→ **What this task involves**: No picture should appear in the copy. Transcribe exactly, and only, the lines from the one with "Nautischer Totbeutel mit" through the last line of the data below.

==============================

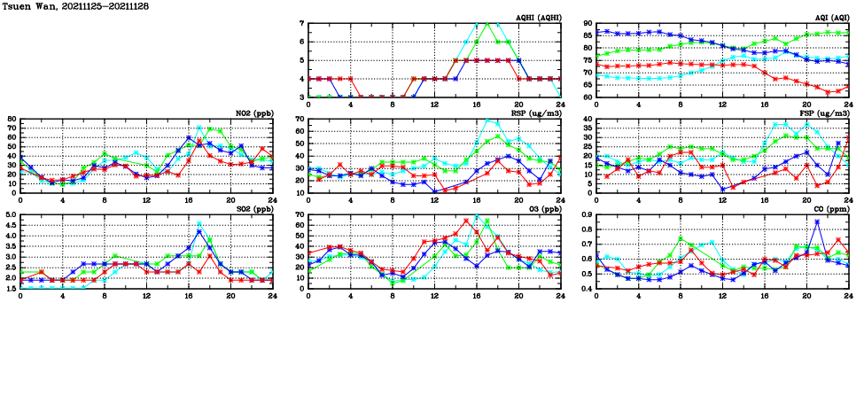 | Air Quality Data Time Series in Tsuen Wan (2021/11/28) | ( Line colors: Day -3 Day -2 Day -1 Current day ) | 2D Map Current AQHI |
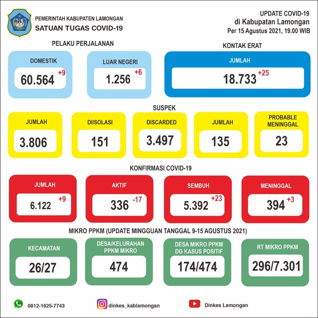Kasus aktif COVID-19 di Lamongan juga mulai membaik. Saat ini berada di angka 5,49 persen dengan jumlah kasus aktif yang terus menurun. "Semoga keadaan terus membaik," ujarnya.
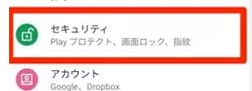 Step1:Androidスマホの「設定」を開いて「セキュリティ」を選択します。
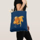 Nautischer Totbeutel mit fantasievollen Goldfischen, Ruder und Ankerillustrierung auf marineblau Hintergrund.
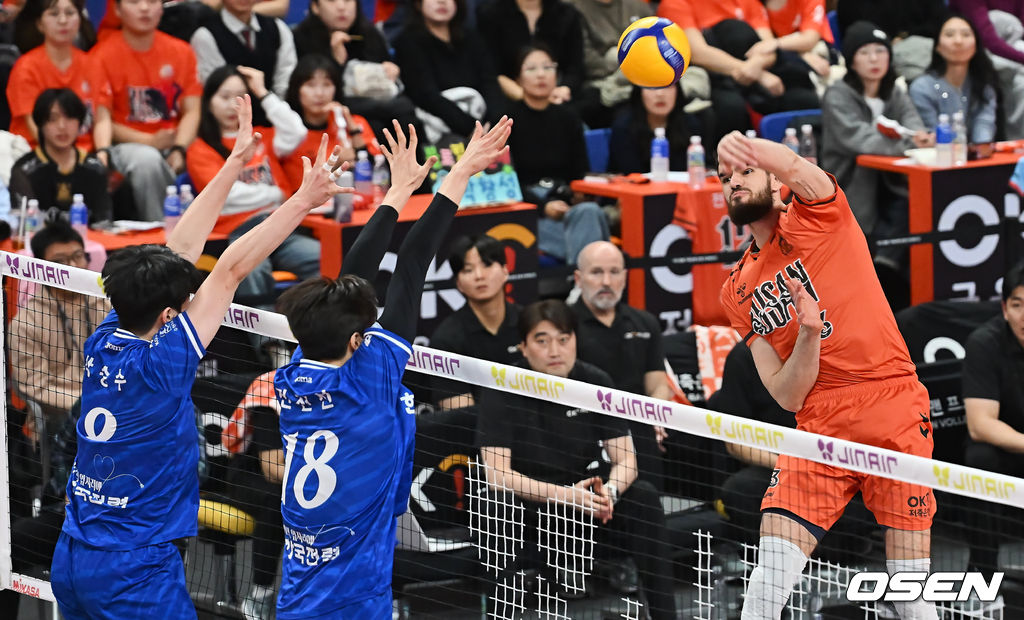 30일 부산 강서실내체육관에서 진에어 2025-2026 V리그 남자부 OK저축은행과 한국전력의 경기가 열렸다.
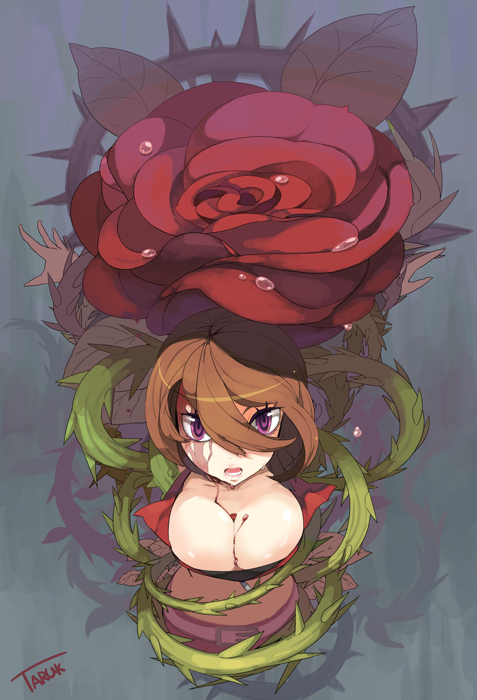 1girlbdsmbloodbondageboundbreastsbrown hairbust cupcleavagefemale focusflowerplantpurple eyesroseshort hairsolothornsvineszipper
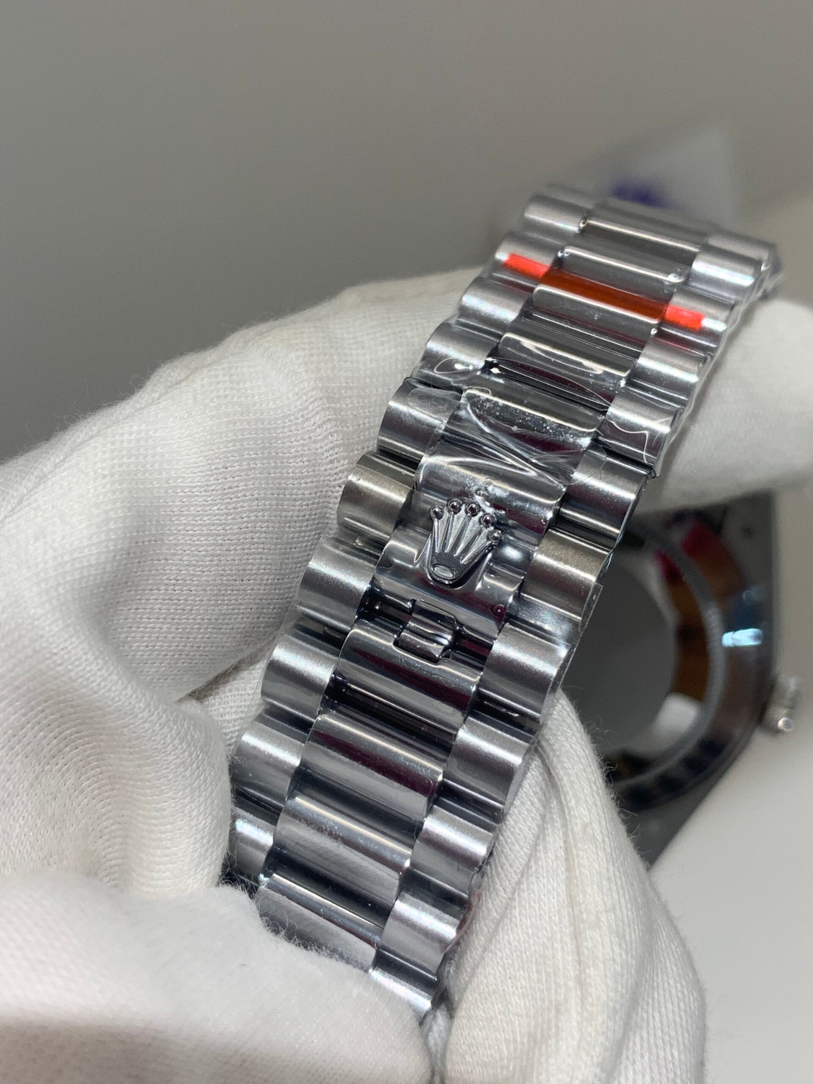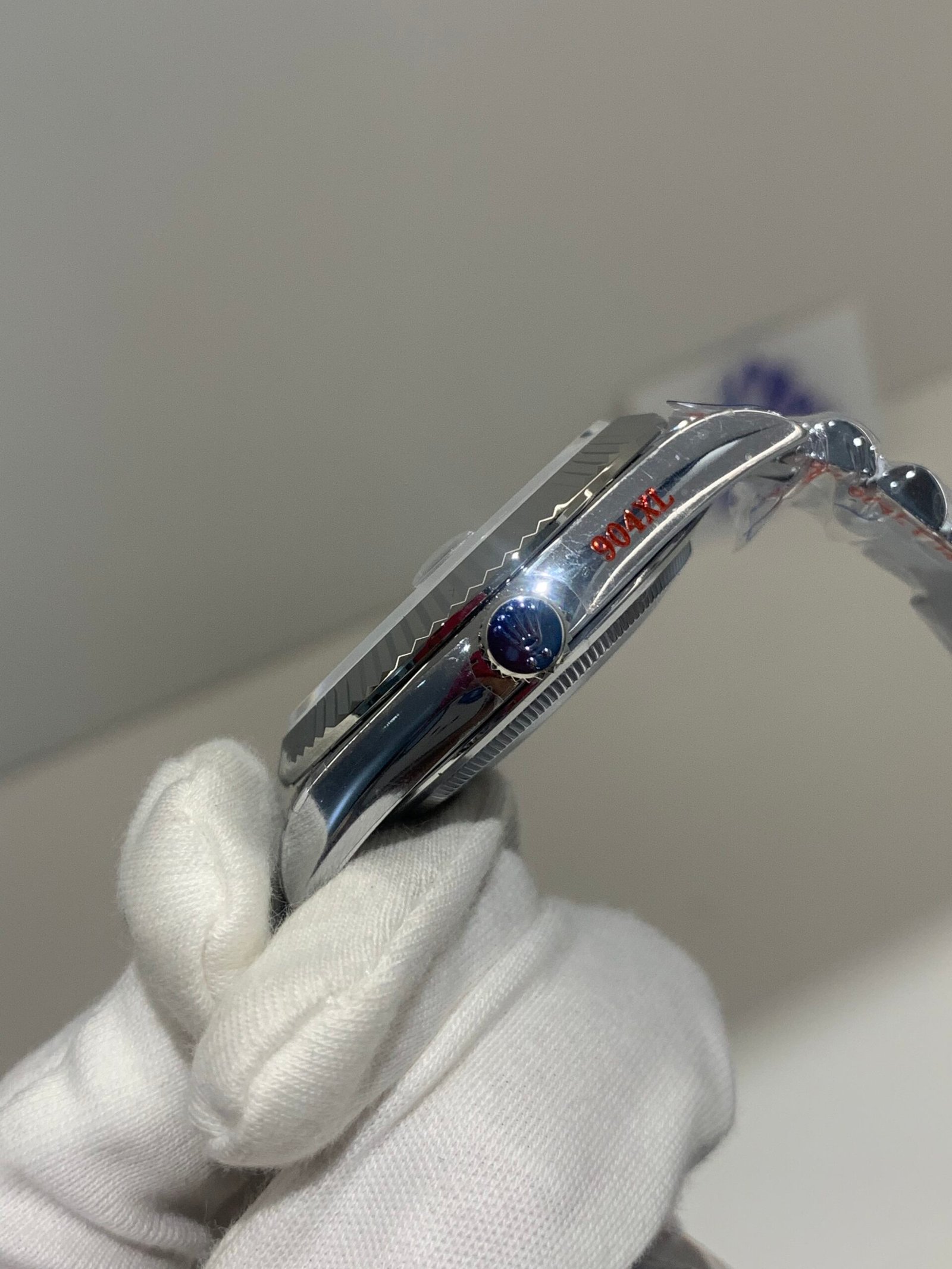 18K White Gold & 904L Oystersteel Finish VSF continues its dominance in case machining. The combination of 18K white gold (cool metallic tone, true to genuine) and 904L stainless steel features industry-leading brushing on the lugs and a buttery smooth bracelet taper that feels identical to the genuine article on the wrist. The bracelet clasp is perfectly polished, with seamless engagement and correct branding.
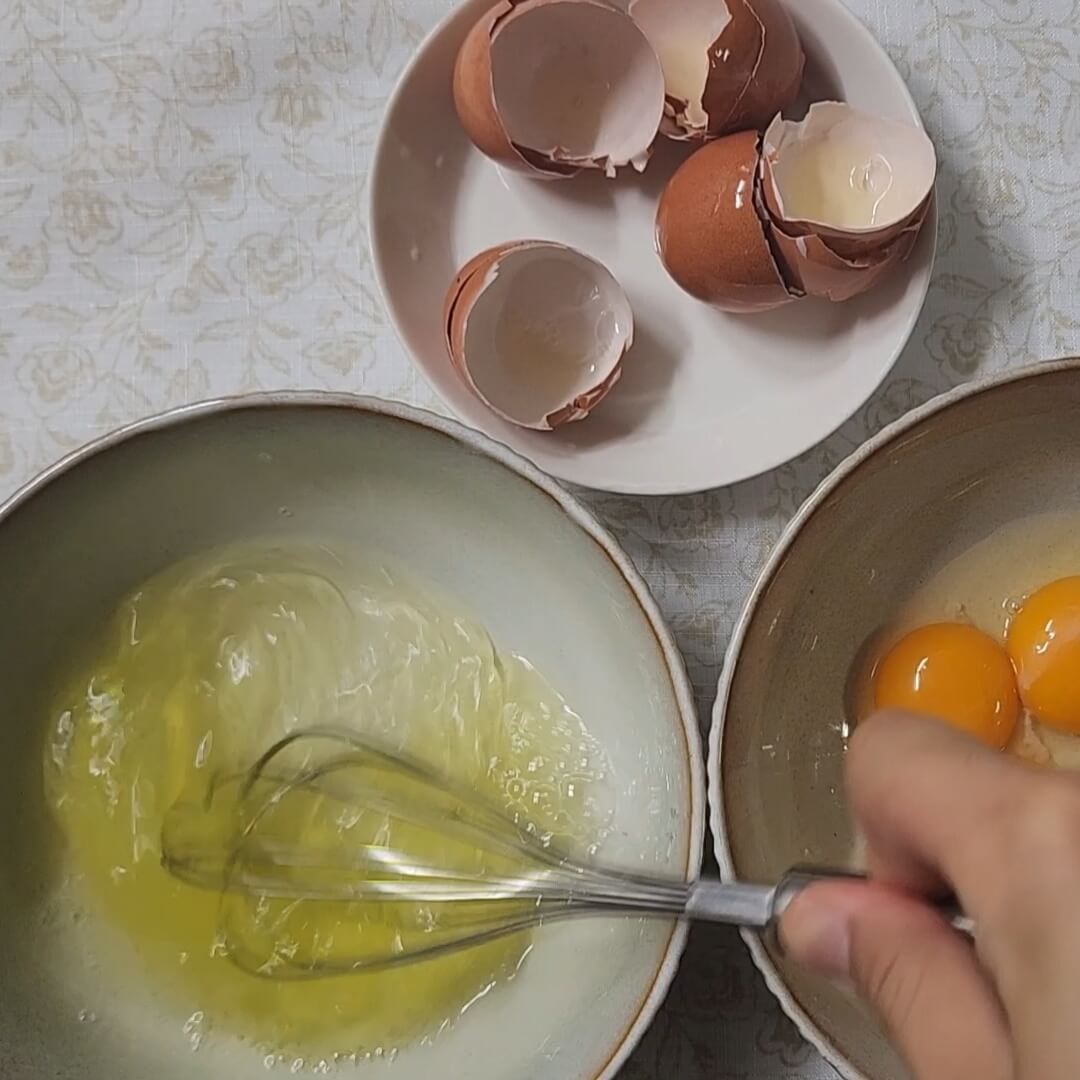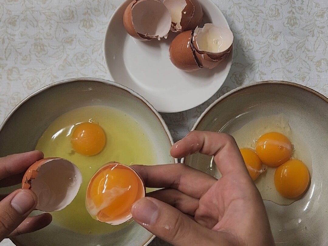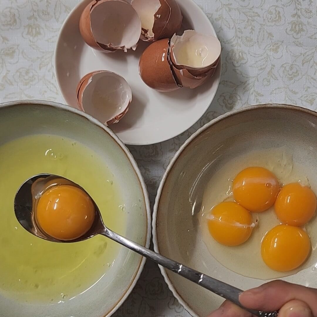📌한쪽에는 노른자, 한쪽에는 흰자만 따로 모아주면 된다.
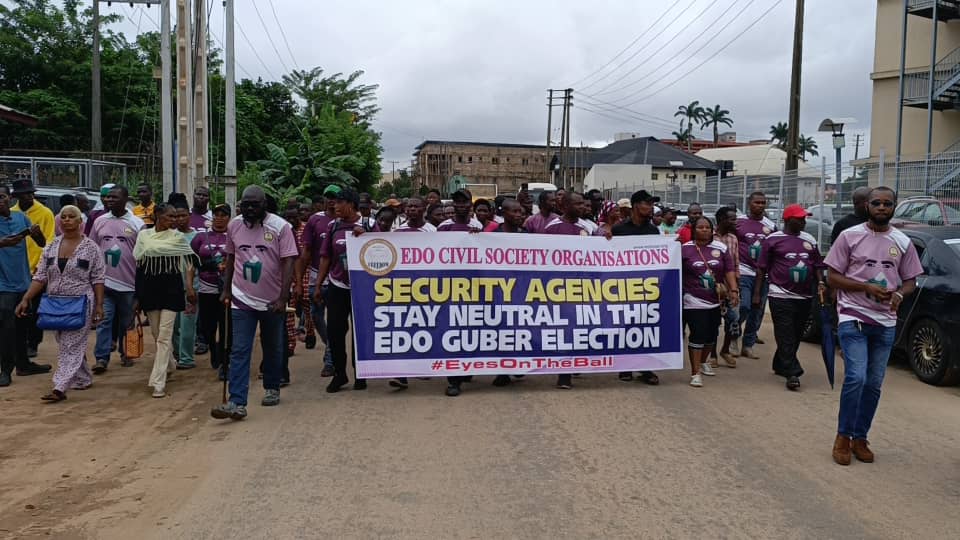 On Friday, 13 September, 2024, the Omobude led group were on the major streets of Benin, calling to question the role being played by the police and INEC in the run up to the election.
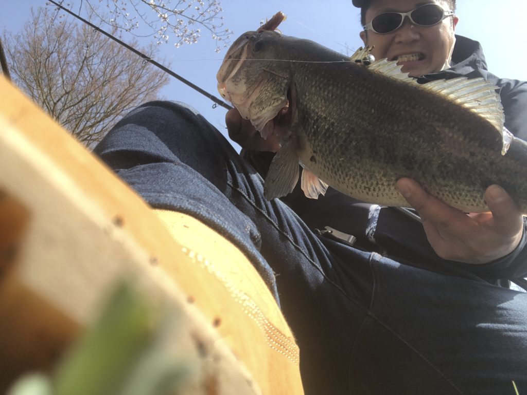 その後、上流をチェックしたもののバスの影は見えず、冬場から安定した釣果を出しているリゾートホテル下をスピナベ、クランクで流す。

==============================

→ **Answer for this exercise**:
 Nautischer Totbeutel mit fantasievollen Goldfischen, Ruder und Ankerillustrierung auf marineblau Hintergrund.
 30일 부산 강서실내체육관에서 진에어 2025-2026 V리그 남자부 OK저축은행과 한국전력의 경기가 열렸다.
 1girlbdsmbloodbondageboundbreastsbrown hairbust cupcleavagefemale focusflowerplantpurple eyesroseshort hairsolothornsvineszipper
 18K White Gold & 904L Oystersteel Finish VSF continues its dominance in case machining. The combination of 18K white gold (cool metallic tone, true to genuine) and 904L stainless steel features industry-leading brushing on the lugs and a buttery smooth bracelet taper that feels identical to the genuine article on the wrist. The bracelet clasp is perfectly polished, with seamless engagement and correct branding.
📌한쪽에는 노른자, 한쪽에는 흰자만 따로 모아주면 된다.
 On Friday, 13 September, 2024, the Omobude led group were on the major streets of Benin, calling to question the role being played by the police and INEC in the run up to the election.
 その後、上流をチェックしたもののバスの影は見えず、冬場から安定した釣果を出しているリゾートホテル下をスピナベ、クランクで流す。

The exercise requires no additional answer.